Jak taka prowizorka zadziała?
Powiem, tak - za pierwszym razem szału nie było, ale wstępnie obrobione pilnikami i wykonane z płaskownika 5x50mm 50HF ostrze, częściowo pokryte tradycyjną glinką z piaskiem i węglem drzewnym, po niecałych 20 minutach grzania przestało łapać magnes i na większości swojej długości nabrało - o ile moglem to dobrze ocenić – czerwono pomarańczowej barwy. Na mój gust 800C zostało osiągnięte i przekroczone. Po kolejnych piętnastu minutach wygrzewania, zgasiłem coraz jaśniej świecące ostrze zanurzając je poziomo w bardzo gorącej, miękkiej wodzie. Po odczyszczeniu z resztek glinki płazów i grzbietu stwierdziłem że resor niestety zapamiętał swój kształt i wciąż jeszcze ciepłe ostrze postanowiłem lekko wyprostować w imadle - i jak można się było spodziewać, usłyszałem głośne "brzdęk" - ale metal i tak pozostał w jednym kawałku. Pomimo tej niewątpliwej porażki, odpuściłem ostrze w piekarniku, a potem w celach czysto poznawczych przeszlifowałem na gruboziarnistym kamieniu:
Szlif ujawnił nagą prawdę nie tylko o moim ostrzu ale także i o moim prowizorycznym "piecu". Obszar zahartowany wyraźnie stawiał opór materiałom ściernym i pozostał po przejściu kamienia gładki i błyszczący. Niestety miał on tylko około 70mm długości (na fot. miarka od 10 do 17) i znajdował się dokładnie tam gdzie była skierowana dysza palnika. O zahartowaniu tego fragmentu ostrza świadczy także feralne pękniecie (na fot. na wysokości 14,5 miarki) które jak przystało na ostrze hartowane różnicowo sięga tylko na około 12-15mm od krawędzi czyli tam, gdzie miała być właśnie utwardzona stal.

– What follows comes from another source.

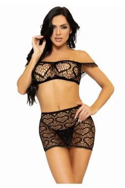 Ensemble 3 Pièces Résille Cœur Noir

Mądrzejszy o zdobytą wiedzę przerobiłem piecyk na wersję "dwupalnikową" wycinając 90mm dalej gniazdo na kolejny palnik i wydłużając tym samym odcinek kanału w którym panuje temperatura umożliwiająca hartowanie:
W efekcie tej zmiany, mogłem już poprawnie i w miarę bezproblemowo zahartować podobne ostrze na długości do około 200mm co chwilowo mnie zupełnie satysfakcjonowało.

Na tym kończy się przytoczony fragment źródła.